== INPUT DATA ==
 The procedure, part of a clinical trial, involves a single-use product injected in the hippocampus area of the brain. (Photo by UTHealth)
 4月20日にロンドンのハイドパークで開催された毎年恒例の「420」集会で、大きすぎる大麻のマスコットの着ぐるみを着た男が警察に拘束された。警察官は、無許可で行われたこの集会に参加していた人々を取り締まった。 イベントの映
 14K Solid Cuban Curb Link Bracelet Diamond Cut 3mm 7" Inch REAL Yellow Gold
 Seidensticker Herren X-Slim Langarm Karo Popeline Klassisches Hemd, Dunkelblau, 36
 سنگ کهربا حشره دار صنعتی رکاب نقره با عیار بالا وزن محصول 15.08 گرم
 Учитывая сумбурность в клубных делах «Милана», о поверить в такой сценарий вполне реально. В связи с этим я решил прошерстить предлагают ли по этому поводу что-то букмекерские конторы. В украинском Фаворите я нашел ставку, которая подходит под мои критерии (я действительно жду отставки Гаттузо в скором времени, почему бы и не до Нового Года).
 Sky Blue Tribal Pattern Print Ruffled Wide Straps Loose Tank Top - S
===
== INPUT DATA ==
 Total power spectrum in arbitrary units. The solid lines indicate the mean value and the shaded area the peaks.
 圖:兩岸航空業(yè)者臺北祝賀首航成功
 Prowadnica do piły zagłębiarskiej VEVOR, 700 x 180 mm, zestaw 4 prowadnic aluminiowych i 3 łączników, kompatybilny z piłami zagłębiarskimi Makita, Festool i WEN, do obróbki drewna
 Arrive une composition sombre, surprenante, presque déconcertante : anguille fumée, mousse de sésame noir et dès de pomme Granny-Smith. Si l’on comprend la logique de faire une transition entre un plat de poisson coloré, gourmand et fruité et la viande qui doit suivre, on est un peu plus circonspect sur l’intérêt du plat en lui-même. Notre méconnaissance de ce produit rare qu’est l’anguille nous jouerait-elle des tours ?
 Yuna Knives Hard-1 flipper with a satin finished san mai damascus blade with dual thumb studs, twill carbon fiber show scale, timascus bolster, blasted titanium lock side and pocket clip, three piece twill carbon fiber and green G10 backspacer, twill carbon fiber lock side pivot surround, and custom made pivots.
===
== INPUT DATA ==
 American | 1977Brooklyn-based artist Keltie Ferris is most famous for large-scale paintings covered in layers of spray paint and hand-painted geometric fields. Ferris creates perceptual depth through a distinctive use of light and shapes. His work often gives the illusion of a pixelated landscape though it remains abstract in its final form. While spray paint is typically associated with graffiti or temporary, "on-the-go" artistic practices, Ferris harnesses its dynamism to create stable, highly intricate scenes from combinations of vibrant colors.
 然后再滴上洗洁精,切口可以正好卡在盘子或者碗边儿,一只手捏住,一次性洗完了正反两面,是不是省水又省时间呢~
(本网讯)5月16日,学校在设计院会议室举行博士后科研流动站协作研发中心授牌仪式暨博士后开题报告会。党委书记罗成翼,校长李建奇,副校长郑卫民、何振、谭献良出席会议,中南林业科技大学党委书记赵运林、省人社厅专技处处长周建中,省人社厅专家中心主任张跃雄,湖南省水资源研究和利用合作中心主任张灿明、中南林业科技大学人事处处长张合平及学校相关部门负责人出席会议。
===
Above is a listing; print exactly its lines from the one with "Total power spectrum" through the one with "Prowadnica do piły", and no other lines.

 Total power spectrum in arbitrary units. The solid lines indicate the mean value and the shaded area the peaks.
 圖:兩岸航空業(yè)者臺北祝賀首航成功
 Prowadnica do piły zagłębiarskiej VEVOR, 700 x 180 mm, zestaw 4 prowadnic aluminiowych i 3 łączników, kompatybilny z piłami zagłębiarskimi Makita, Festool i WEN, do obróbki drewna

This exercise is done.